Dinh Nguyen Le 9d80b40857 docs: adding contributing guide with detailed workflow and examples

2025-09-19 14:45:21 -07:00

26 KiB

Raw Blame History

Contributing to BrowserOS

Thank you for your interest in contributing to BrowserOS! We welcome contributions from developers of all skill levels. This guide will help you get started with contributing to our AI-powered browser built on Chromium.

🤝 Code of Conduct

By participating in this project, you agree to abide by our community standards:

Be respectful and inclusive
Focus on what's best for the community
Show empathy towards other community members
Accept constructive criticism gracefully

🚀 Getting Started

Prerequisites

Before you begin, ensure you have the following installed:

Node.js (v18 or higher) - for the Chrome extension development
Python 3 - for the Chromium build system
Git - version control
Chrome/Chromium browser for testing
Code editor (VS Code recommended)

For Chromium browser development (optional, only if building the full browser):

~100GB of free disk space (for Chromium source)
~8GB RAM minimum (16GB+ recommended)
Xcode and Command Line Tools (macOS)
Visual Studio Build Tools (Windows)
Build essentials (Linux)

Fork and Clone

Fork the BrowserOS repository on GitHub

Clone your forked repository:

git clone https://github.com/YOUR_USERNAME/BrowserOS.git
cd BrowserOS

Add the upstream remote:

git remote add upstream https://github.com/browseros-ai/BrowserOS.git

🏗️ Project Architecture

BrowserOS consists of two main components:

1. Chrome Extension (`agent/`)

The main AI agent that runs as a Chrome extension, providing:

AI-powered browser automation using LLM agents
Multi-tab management and browser context handling
Tool system for extensible browser operations
MCP (Model Context Protocol) integration for external services
React-based UI with side panel and new tab interfaces

Key Technologies:

TypeScript, React, Tailwind CSS
LangChain for LLM integration
Puppeteer-core for browser automation
Zod for schema validation
Vitest for testing
Webpack for bundling

2. Chromium Browser (`build/`, `chromium_patches/`)

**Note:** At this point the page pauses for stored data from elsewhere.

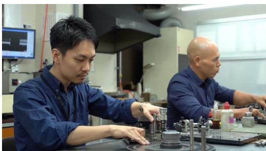
世界最高評価の輝きを生む「ダイヤモンド研磨」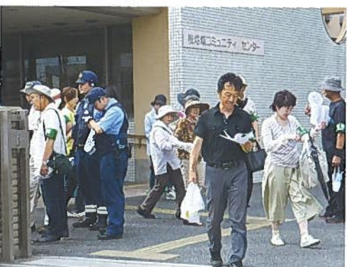
7月4日(水) 子どものための市民総ぐるみ環境点検活動 78名 青少年育成会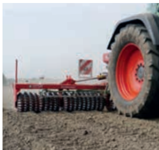
Tussenvrucht zaaien op bewerkte of onbewerkte oppervlakten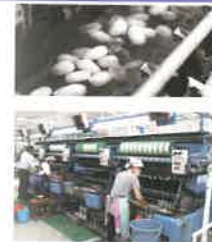
フランス式繰糸機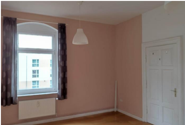
Raum 1 Ansicht a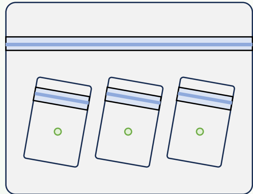
試料が極端に小さい（量が少ない）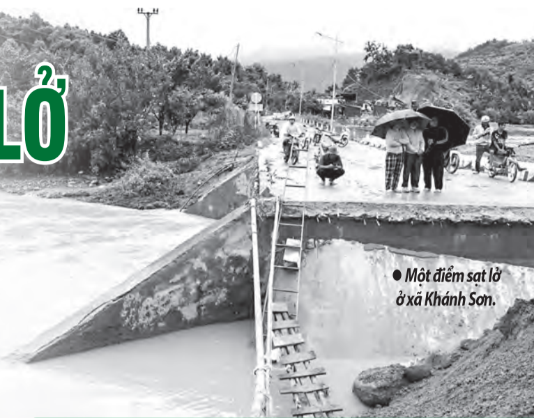
● Một điểm sạt lở ở xã Khánh Sơn.

Qua kiểm tra tình hình khắc phục hậu quả mưa lũ, sạt lở ở các xã khu vực Khánh Sơn mới đây, đồng chí Lâm Đông nhấn mạnh, những ngày tới, thời tiết còn diễn biến phức tạp, khả năng xuất hiện cơn bão mới. Do đó, các xã ở khu vực Khánh Sơn phải tiếp tục theo dõi diễn biến thời tiết để tập trung chỉ đạo ứng phó bảo đảm kịp thời, hiệu quả; đặc biệt, phải kiên quyết di dời tài sản và người dân ở vùng trũng thấp, khu vực có nguy cơ sạt lở đến nơi an toàn. Tại những khu vực có nguy cơ sạt lở cao trên tuyến Tỉnh lộ 9 và các tuyến đường liên thôn Hòn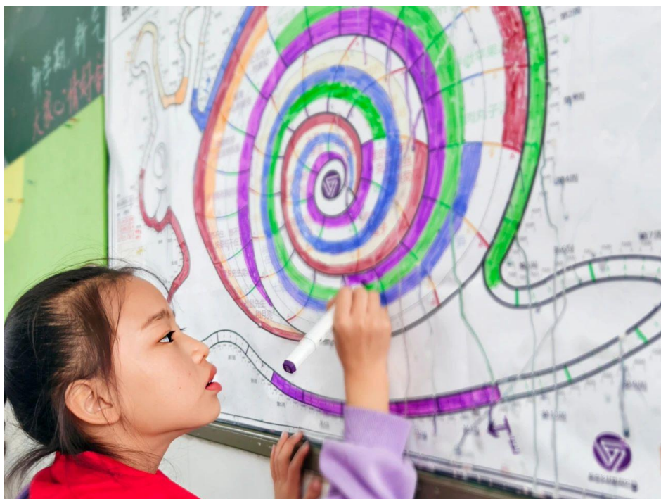
《年终回顾 | 原点 2024 年度四个关键词》

2025 年 1 月，原点教育公益发布 2024 年年终回顾，2024 年是原点乡村学校计划立项的第五个年头。这一年，原点各项活动共支持学校 61 所，教师 366 人次，学生 9,569 人次。原点团队从这一年的经历中凝炼出四个关键词，分别是“常规”、“凝聚”、“成长”、“看见”。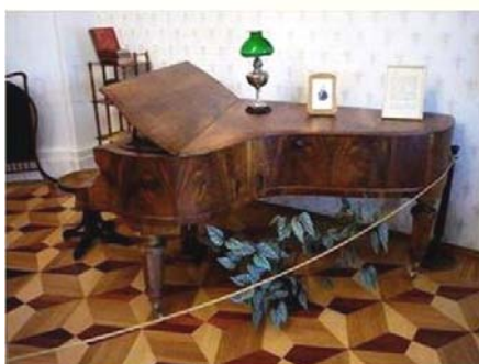
Карабиха. В Большом доме. Интерьеры конца XVIII — начала XIX вв.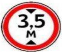
3.13 Ограничение высоты

A custom Chromium build with AI-native features:

Python build system for orchestrating Chromium compilation
Patch system for customizing Chromium behavior
Multi-platform support (macOS, Windows, Linux)
Automated signing and packaging

Key Technologies:

Python build orchestration
GN/Ninja build system (Chromium's build tools)
Platform-specific packaging (DMG, MSI, AppImage)

🛠️ Development Setup

Chrome Extension Development (Recommended for Most Contributors)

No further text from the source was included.